Let's explore the function of each imported package as follows:

DecisionTreeClassifier

This is a Scikit-learn algorithm that we will use to build our GitHub issue classification model.

We have chosen to use this algorithm because it will balance our dataset improving the model's performance. Generally, the models built using the DecisionTreeClassifier algorithm have a higher accuracy score.

accuracy_score

We use this package to get the accuracy score of the model after training. This is the probability of the model making an accurate prediction.

CountVectorizer

This package enables machine learning models to understand the text. Machines learning models have a problem of understanding and using raw texts. However, machine learning models work well with numbers.

CountVectorizer converts the raw text into vectors of numbers. It ensures that the converted vectors of numbers represent the original text.

To further understand how the CountVectorizer work behind the scene to convert the raw text into vectors of numbers, click here.

We will use these packages to build our model. To make the process of building our machine learning model easier and faster, we will use the Pipeline package.

The Pipeline package automates all the stages and processes used in building the model. To use the Pipeline package, we will import it from Scikit-learn.

Importing Pipeline package

We import the package using the following code:

from sklearn.pipeline import Pipeline

To automate the process of a model building using this Pipeline package, we initialize all the stages in building the model. After initializing the stages, they will be automated.

We have two stages as follows:

  1. CountVectorizer converting the input text to vectors of numbers.
  2. Using the DecisionTreeClassifier algorithm to train the model.

We can now initialize the two stages using the following code:

Pipeline stages

pipe_dt = Pipeline(steps=[('cv',CountVectorizer()),('dt',DecisionTreeClassifier())])

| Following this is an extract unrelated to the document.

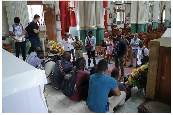 El segundo día comenzó con una visita al principal hito histórico de la ciudad, la catedral San Francisco de Asis, construida entre 1946 y 1979, y la Casa de la Diócesis construida entre 1931 y 1942 (véase figura 6), guiados por el padre Napoleón García, quien vinculó el desarrollo de la comunidad afrodescendiente en Quibdó con la historia de la catedral y sus diferentes etapas de construcción. Luego, los estudiantes pasaron el resto del día inspeccionando sus edificios asignados (figura 4).
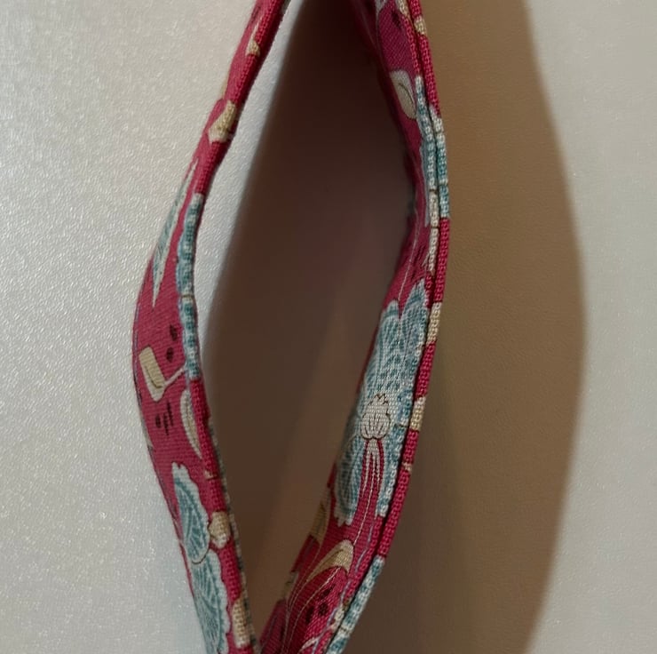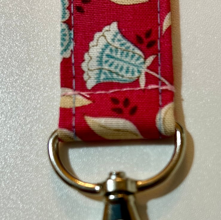 Pretty fabric double end key fob made using Tilda Windy Day - Stormy Red fabric. Handy for walking where you can attach fob to clothing or bag using the swivel lobster clip. Made using Tilda fabric. Contact me for specific fabric requests.

The code above has initialized the two stages in sequential order. After initializing the two stages, we can fit this pipeline onto our train set dataset. The pipeline will learn from the train set dataset and gain useful insight.

Pipeline fitting

We fit the pipeline as follows:

pipe_nb.fit(x_train,y_train)

This process will train our model and produce the following output:

Model output

Our model is now trained using the machine learning pipeline. We can now calculate the accuracy score of this model.

Calculating the accuracy score

The accuracy score represents the probability of the model making an accurate prediction. The higher the accuracy score, the higher chance of the model to make an accurate prediction.

Let's calculate the accuracy score using the following code:

pipe_dt.score(x_test,y_test)

After running this code, the accuracy score is shown in the output below:

0.866

This represents 86.6%. Using this accuracy score, our model has a higher chance of making accurate predictions. We will use this model to make predictions.

Making predictions

In making predictions, we test our model's ability to classify GitHub issues using the three labels. The model will be used to predict if a given GitHub issue is an enhancement, bug, or question.

To test the model, we will use the Streamlit GitHub repository to see if the model can make accurate predictions. This repository has different issues that our model can predict.

We can extract some of the issues (issue title) from the repository for the model to make predictions.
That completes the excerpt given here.